I'm looking to do a bit more monitoring of my 3ware 9550 with smartd, and wanted to see what others were doing with smart for monitoring 3ware hardware.
Do you have the smartd.conf configured to test, or simply monitor health status? Are you monitoring the drive as centos sees it (/dev/sdX) or are you using the 3ware /dev/twaX for monitoring?
Opinions and discussions are welcome :-P
On Tue, 2009-02-10 at 21:42 -0500, Jim Perrin wrote:
I'm looking to do a bit more monitoring of my 3ware 9550 with smartd, and wanted to see what others were doing with smart for monitoring 3ware hardware.
Do you have the smartd.conf configured to test, or simply monitor health status?

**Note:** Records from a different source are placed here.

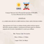 19 noviembre, 2024La Junta Distrital de Canca La Reina junto al Consejo Nacional de la Persona envejeciente (CONAPE) invita a todas las...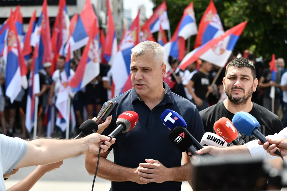Većina okupljenih nosi srpske zastave i majice sa srpskim obeležjima.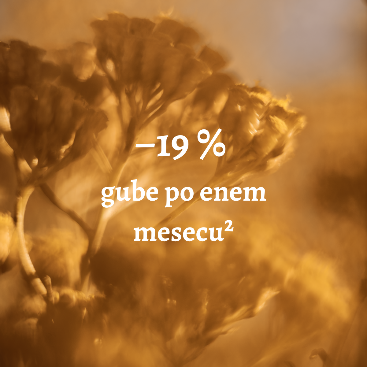 ² Fotografije 38 žensk, starih med 45 in 70 let, rezultati po 28 dneh. Povprečni rezultati pri obraznih gubah (s kliničnim ocenjevanjem) –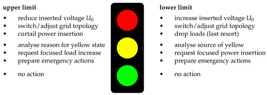 The DSO operating and maintaining a grid section is responsible for mitigating critical situations concerning the resources managed and also to assure the security and safety of electricity supply. Figure 5 shows the required and potential actions of a DSO with respect to different traffic light colours. Depending on the cause of the current issue, e.g., violation of the upper or the lower voltage limit, the DSO is expected to respond accordingly. Which actions a DSO may and can execute depends on the situation awareness and the available control capabilities. Both are commonly determined by regional regulations and policies on how DSOs are allowed or even forced to respond to supply issues and how they have to assure supply safety and security in general. A core requirement is securing the supply for critical infrastructures as long as possible.

Are you monitoring the drive as centos sees it (/dev/sdX) or are you using the 3ware /dev/twaX for monitoring?
Opinions and discussions are welcome :-P
This is my smartd.conf for monitoring drives on a 9550SX:
/dev/twa0 -d 3ware,0 -H -m root /dev/twa0 -d 3ware,1 -H -m root /dev/twa0 -d 3ware,2 -H -m root /dev/twa0 -d 3ware,3 -H -m root
Using smartctl is similar:
# smartctl -Hd 3ware,0 /dev/twa0
It's straightforward to do testing with smartctl, but the above -H/--health output gives you some warning that things aren't right before the drive fails, especially the later lines of output (e.g. Current_Pending_Sector, Offline_Uncorrectable). I run it as a weekly cron job.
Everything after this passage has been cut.